Value Factory Model with and without CIP
TCS Connected Intelligence Platform’s architecture supports the Value Factory Model approach with end-to-end data management and analytic features and functionality to accelerate business value realization from big data. Enterprises that practice the Value Factory Model approach with a supporting architecture and ready-on-day-one capabilities like those available in CIP will more quickly start empowering business stakeholders and front-line systems with real-time analytic insights. Technology Partners that do the same gain a buy one, serve many systems to develop, deliver, and support branded analytic-driven apps and services for their clients.
The below table describes the implementation of an analytic use case using the Value Factory Model both with and without CIP.
Conclusions and Essential Guidance for Readers
Demand continues to rise for both batch and real-time data insights, AI, ML, and even deep learning. Analytics practitioners, from end-user businesses, as well as from Solution Provider organizations, require solutions to speed the time to value and meet demand. They must minimize complexity and the need for specialized skill sets. These solutions unify big data management, stream processing, and AI/ML engines to fulfill their needs for easily and repeatedly building end-to-end analytic use cases from all types of data.
The TCS Connected Intelligence Platform leverages the Value Factory Model to simplify and accelerate the implementation of analytics use cases.

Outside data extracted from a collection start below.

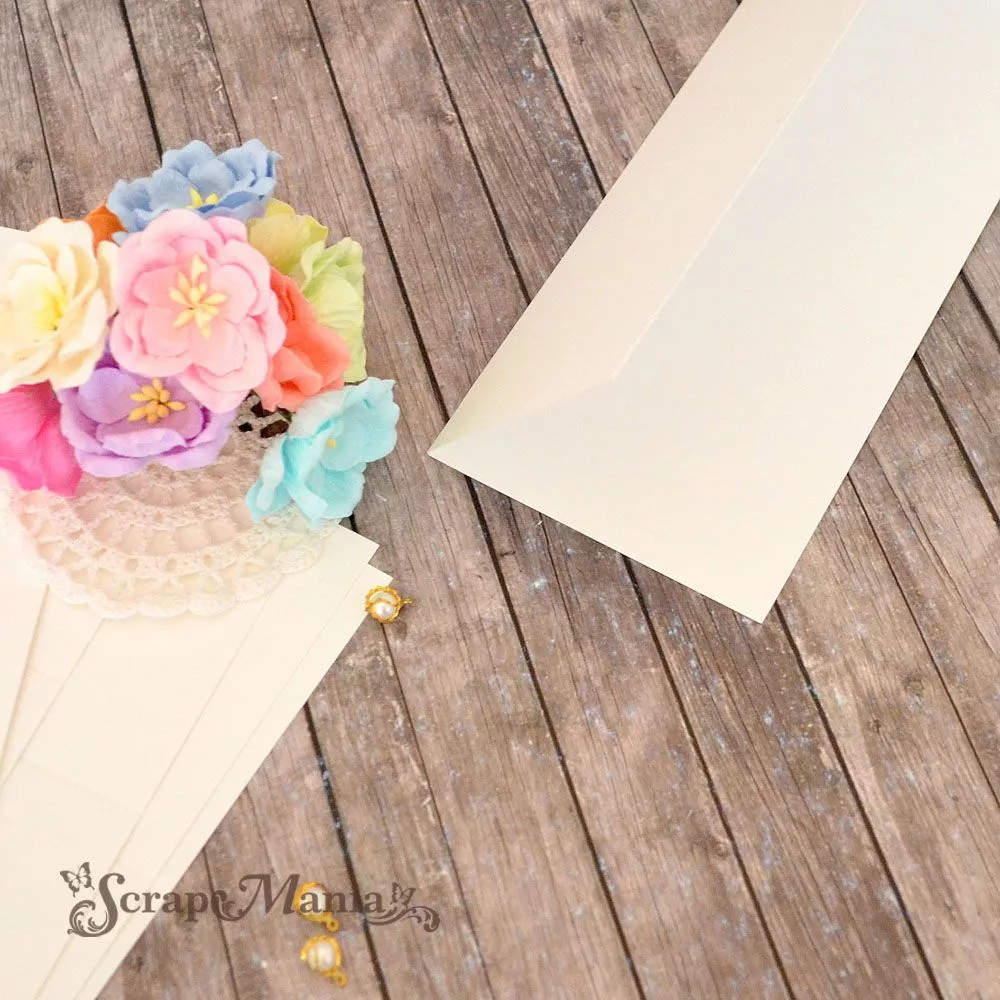 Размер заготовки в сложенном виде 8,5х22 см, в развернутом виде 17х22 см. Плотная бумага с перламутровой поверхностью и двусторонним покрытием. Плотность 290 г/м2. Не содержит лигнина. Кремовый оттенок и нежное жемчужное сияние - отличное начало трогательной открытки. Размер заготовки позволяет использовать ее не только для создания открыток и приглашений, но и как основу рассадочных карточек
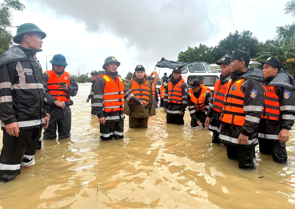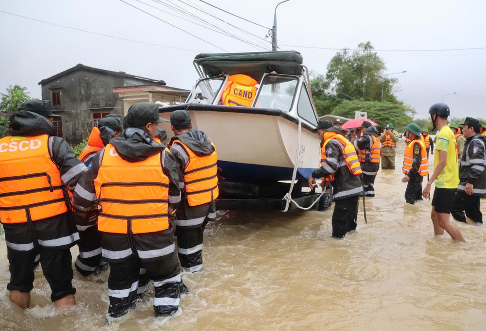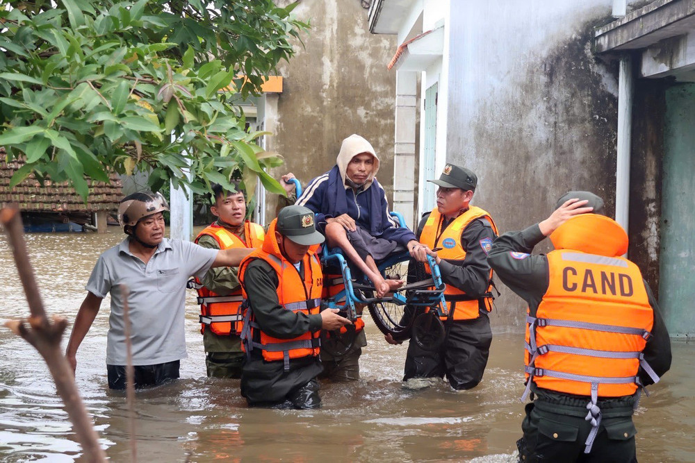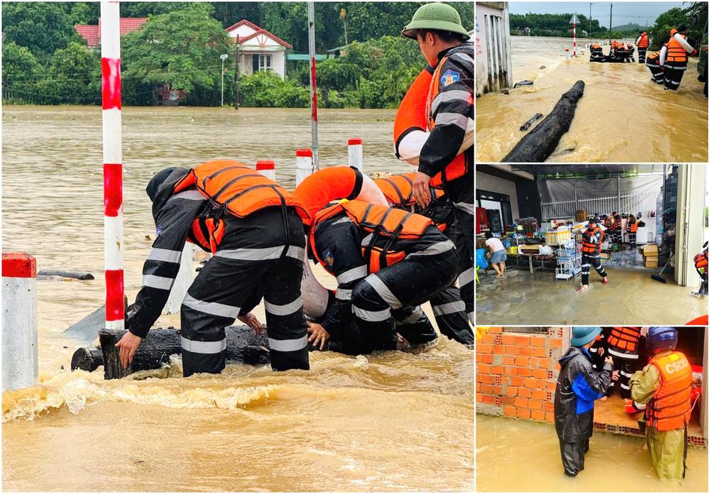 ANTD.VN - Trước tình hình mưa, lũ lụt diễn biến phức tạp tại các tỉnh miền Trung, lực lượng Cảnh sát cơ động (Bộ Công an) đã liên tiếp tăng cường cán bộ, chiến sĩ ra quân thực hiện công tác cứu nạn, cứu hộ các gia đình đang bị ngập lụt cô lập, vận chuyển cấp phát nhu yếu phẩm đến từng nhà, với sự quyết tâm không để ai bị đói, thiếu nước uống...
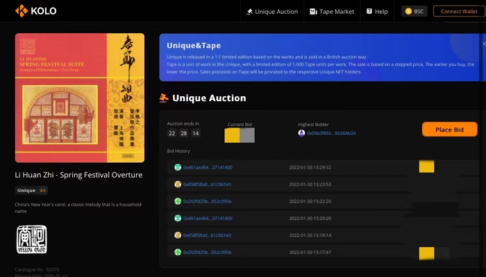 近期,行业中涌现了众多音乐项目,网易、腾讯等纷纷推出其音乐数字藏品。专注于古典音乐的库客音乐集团(KUKE.US)投资的数字艺术藏品平台KOLO,在农历新春之际上架数字艺术藏品专辑《春节序曲》,发行仅短短几小时,引来火热关注。
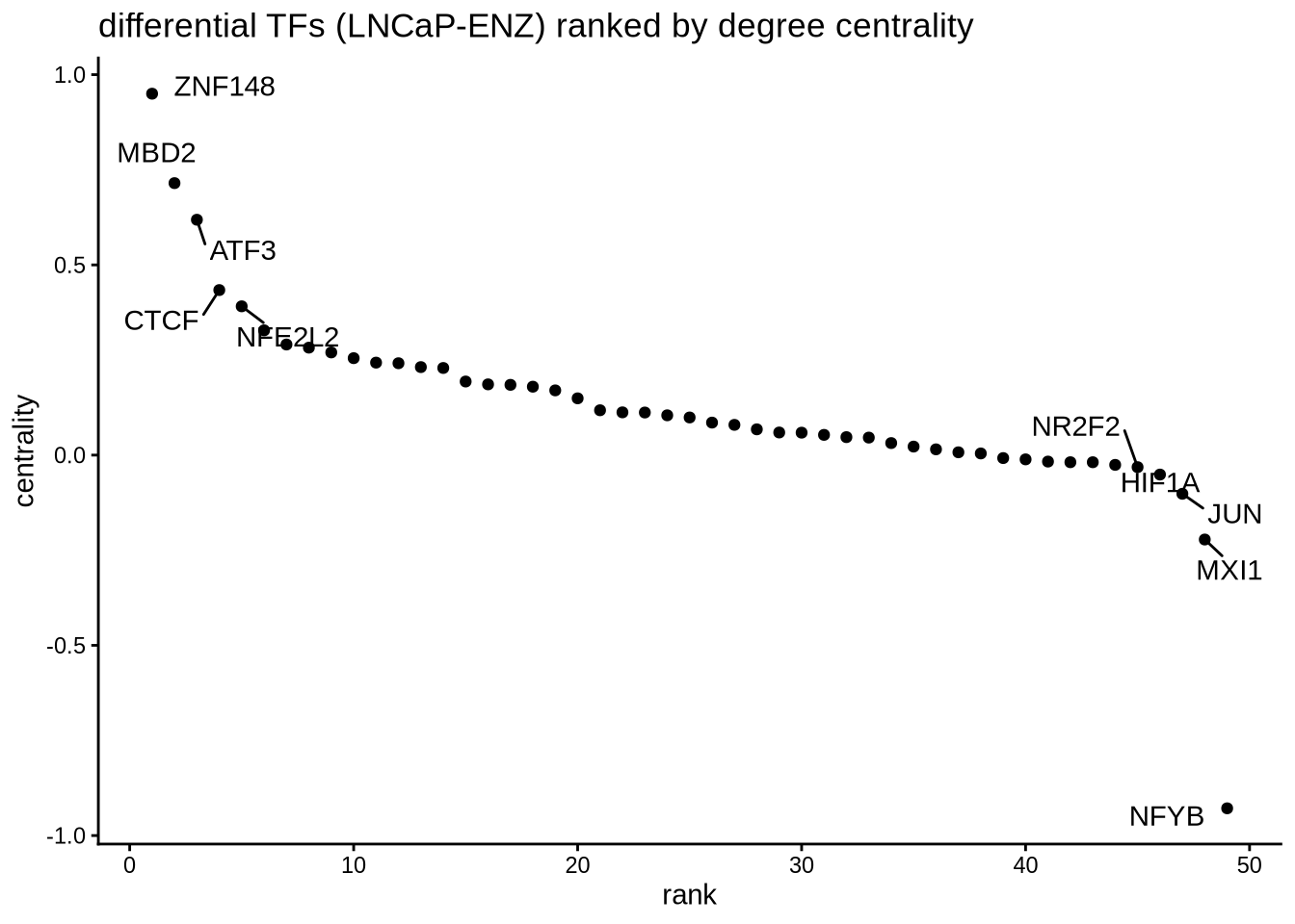 theme_classic() + ggtitle ("differential TFs (LNCaP-ENZ) ranked by degree centrality")
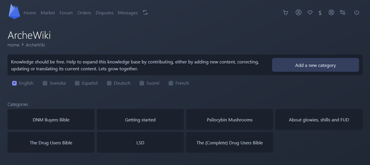 The ArcheWiki is there to assist you with Harm Reduction, How to Get Started, and steps you should take before buying on any Darknet Market.
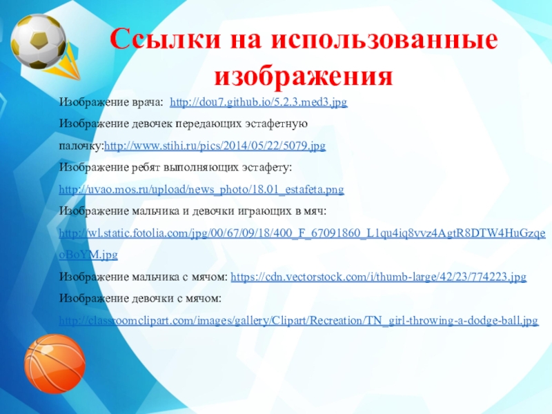 Изображение врача: http://dou7.github.io/5.2.3.med3.jpgИзображение девочек передающих эстафетную палочку:http://www.stihi.ru/pics/2014/05/22/5079.jpgИзображение ребят выполняющих эстафету: http://uvao.mos.ru/upload/news_photo/18.01_estafeta.pngИзображение мальчика и девочки играющих в
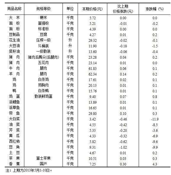 中国证券网讯(记者 郭晓萍)国家统计局24日公布50个城市主要食品平均价格变动情况(2013年5月11-20日)。监测的27种食品中,10种价格环比下跌,其中大白菜价格跌幅最大,达11.9%,豆角、西红柿紧随其后。
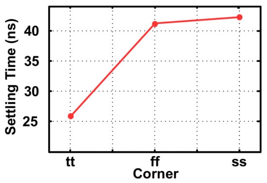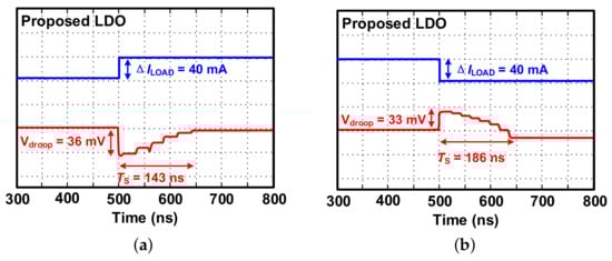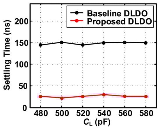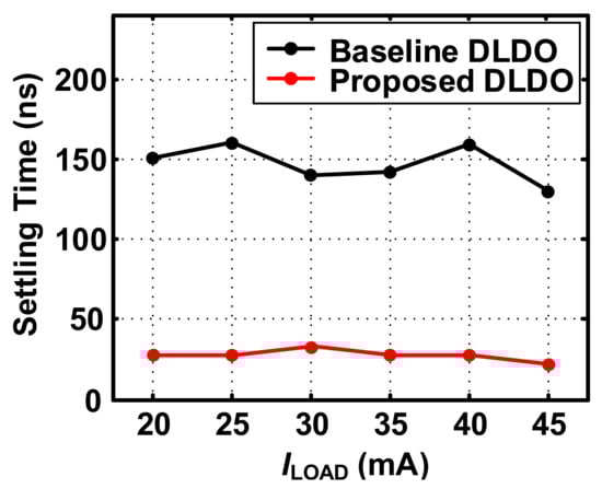 In order to describe the transient response speed of the proposed circuit, the settling time with variable load was simulated. The settling time is defined as the time that the output voltage recovers to 90% of the droop voltage. As shown in Figure 9 and Figure 10, the proposed D-LDO reduces the settling time under each condition. The settling time is decreased to only 17.6% of the baseline design of D-LDO (from 147.8 ns to 26.1 ns) on average in corner tt which means typical corner. In other words, the proposed circuit improves the response speed by about 5 times.
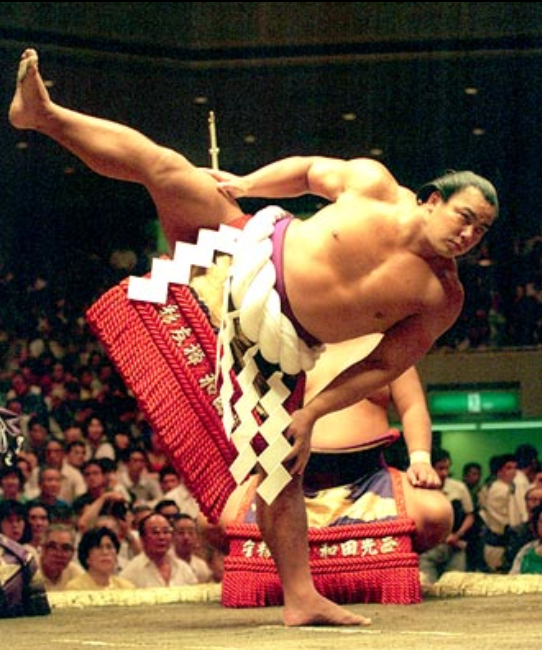 千代の富士の筋肉は上半身だけでは留まりません。下半身のトレーニングもかなり重視されていたようで、土俵でふむ四股をみれば、一目瞭然です。一見簡単そうに見える四股ですが、そうとうな柔らかい下半身がないと、四股は踏むことができません。四股をふむトレーニングは、特に粘りの強い筋肉を作ります。相撲では瞬発力よりも、持久力のある筋肉が求められます。四股を踏む稽古はこの粘りを作るトレーニングなのです。千代の富士の下半身が強い証拠に、当時の力士の中で、千代の富士ほど高さのある四股を踏んだ人は、誰もいませんでした。
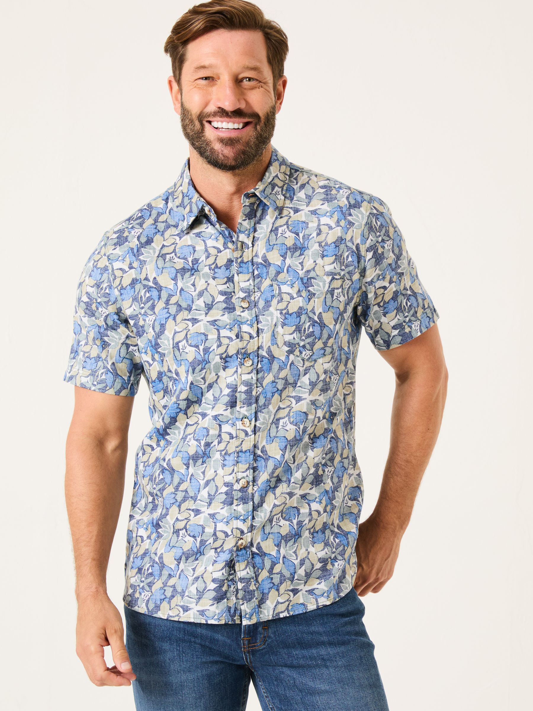 Bring autumn vibes to your wardrobe with our blue leaf-print shirt. Styled for everyday adventures, it has a curved hem, pointed collar and short sleeves that make these shorts easy to layer all year round. Made from soft cotton Available in tall fit Short sleeves Curved hem
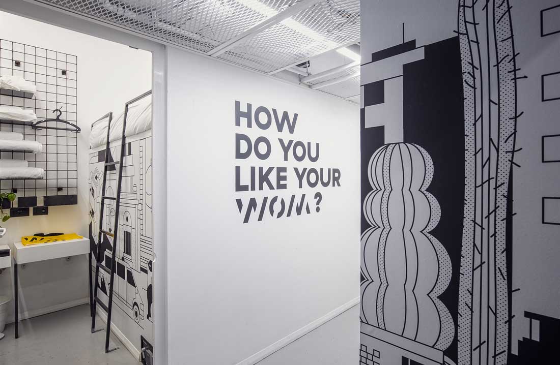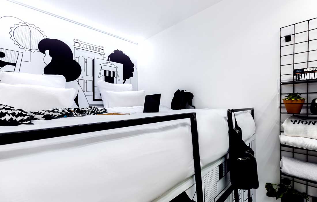 WOM Allenby分为三个房间类别,即单人房(1人),双人房(2人)和特大号房(2人)。酒店提供48个采用新颖时尚设计的客舱。每个吊舱均配有舒适的床、棉床单、书桌、水槽、空调、电视屏幕和音响系统、存储空间和私人保险箱。每两到三个房间在酒店的走廊上共用一个单人浴室。

It provides an effective, flexible, and TCO-efficient way to accelerate the development and deployment of IoT, big data, and analytics initiatives with out-of-the-box pre-integrated, low-code, end-to-end capabilities. CIP can help bypass 12-24 month development cycles with a future-proof approach and platform which supports the continued development of new use cases. CIP aligns with the Value Factory Model to provide superior results, with less effort, in a shorter time, at a lower cost, and with reduced requirements for specialized skill sets.